John Holbo 03.13.09 at 11:32 am

“#6: I don’t think that this is intrinsically a problem actually; Cohen’s suggestion (from Carens) is that the wage/price mechanism works normally and then there is massive redistributive taxation”

I should have said something about this. I think the idea that people will behave exactly the same, economically, if they are only playing for ‘monopoly money’ is somewhat far-fetched.

10

Chris Bertram 03.13.09 at 12:00 pm

_I think the idea that people will behave exactly the same, economically, if they are only playing for ‘monopoly money’ is somewhat far-fetched._

Does Cohen need to be committed to a claim as strong as that? Surely Cohen only needs the claim that the allocative aspect of the market can be divorced from its distributive one and that people (with the right ideals, of course) could (i.e. would have the capacity) to adjust their behaviour to prices.
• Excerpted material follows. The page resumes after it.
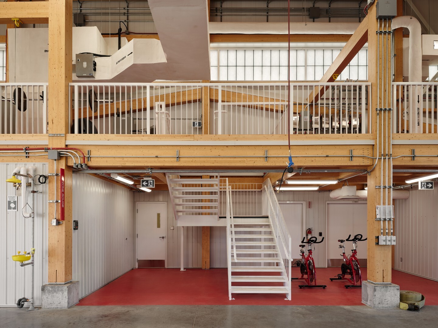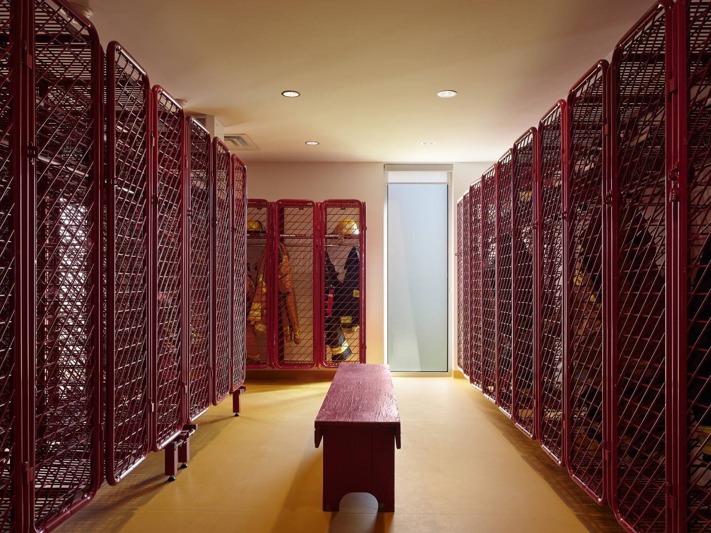 Deux volumes aux teintes contrastantes abritent les différents usages: le garage, avec ses trois baies de grande hauteur, permet un accès rapide aux véhicules d’intervention, tandis que les espaces administratifs s’articulent dans un volume allongé à échelle humaine. Les espaces techniques, inclus au volume du garage, comprennent des vestiaires, une salle de décontamination, une salle pour les équipements de protection, et une mezzanine dédiée à la pratique d’exercices de sauvetage.

So he only needs something like logical possibility not predictive plausibility about actual people.

11

dsquared 03.13.09 at 12:20 pm

I think the idea that people will behave exactly the same, economically, if they are only playing for ‘monopoly money’ is somewhat far-fetched.
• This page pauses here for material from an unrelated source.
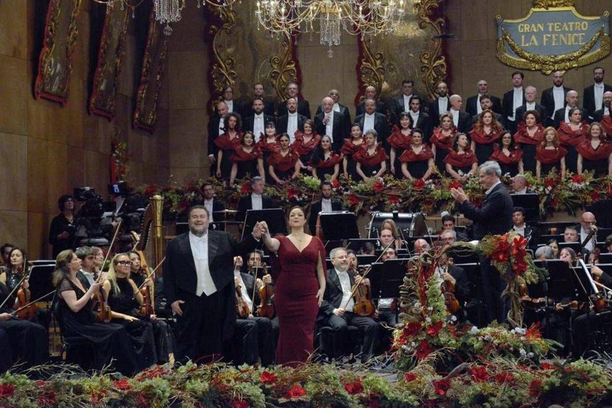 Il programma del Concerto di Capodanno ha proposto una serie di brani amatissimi del repertorio lirico firmati Giuseppe Verdi, Giacomo Puccini e Amilcare Ponchielli e ha preso il via dal coro verdiano tratto dai Due Foscari "Alla gioia… Tace il vento, è queta l'onda". A seguire l'intermezzo orchestrale dalla Manon Lescaut di Puccini ha fato da introduzione a due pagine celeberrime dalla pucciniana Tosca, interpretate rispettivamente dal tenore Fabio Sartori e dal soprano Eleonora Buratto: "E lucean le stelle" e "Vissi d'arte". Il Coro del Teatro La Fenice è stato protagonista nel brano della Traviata di Verdi "Di Madride noi siam mattadori".Â
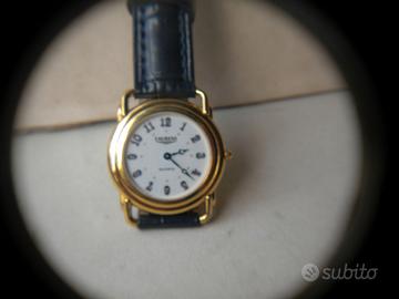 Orologio Laurenz vintage anni 70 uomo cassa acciaio dorato fondello acciaio misura mm.31 movimento quarzo funzionante quadrante vintage originale bianco cinturino pelle nuovo

what Chris said, also it isn’t really all that far fetched (you can get tax systems really really progressive and the sky doesn’t fall in) and I dispute that it’s “monopoly money” in the relevant sense – for example, a company making profits will be able to invest more than a company that isn’t (I am assuming that given the massively redistributive income tax system, a Carens economy wouldn’t have a corporation tax)

12

dsquared 03.13.09 at 12:24 pm

(since I might not get the chance to write the post I want to, I’ll note here that IMO the real problem with the Carens economy arises demographically – since there is no relative income uncertainty, there is no precautionary motive for saving, also the implicit retirement pensions system is a PAYGO with 100% replacement rate. This means it’s really quite sensitive to developing adverse demographics; I think that such a society would need some quite serious pro-natalist policies which might be difficult on both libertarian and central-planning grounds.

13

mpowell 03.13.09 at 12:42 pm

12: I am not seeing how this would push towards the development of adverse demographics? Are you suggesting that people won’t have enough kids?

14

dsquared 03.13.09 at 12:47 pm

Yes basically. Or rather, if they happened to start not having enough kids, their pension system would move into actuarial insolvency quite sharply, leading to some quite unjust-looking intertemporal redistributions.

15

Yarrow 03.13.09 at 1:45 pm

Back to John’s argument against Cohen in the peacetime humming-along situation: Cohen’s response (which I think may be from If You’re an Egalitarian… rather than Rescuing Justice and Equality), is along this line: You don’t have to able to solve the systematic problem for justice to demand that you become a doctor; you just have to be able to heal a normal doctor’s worth of patients from disability, pain and death.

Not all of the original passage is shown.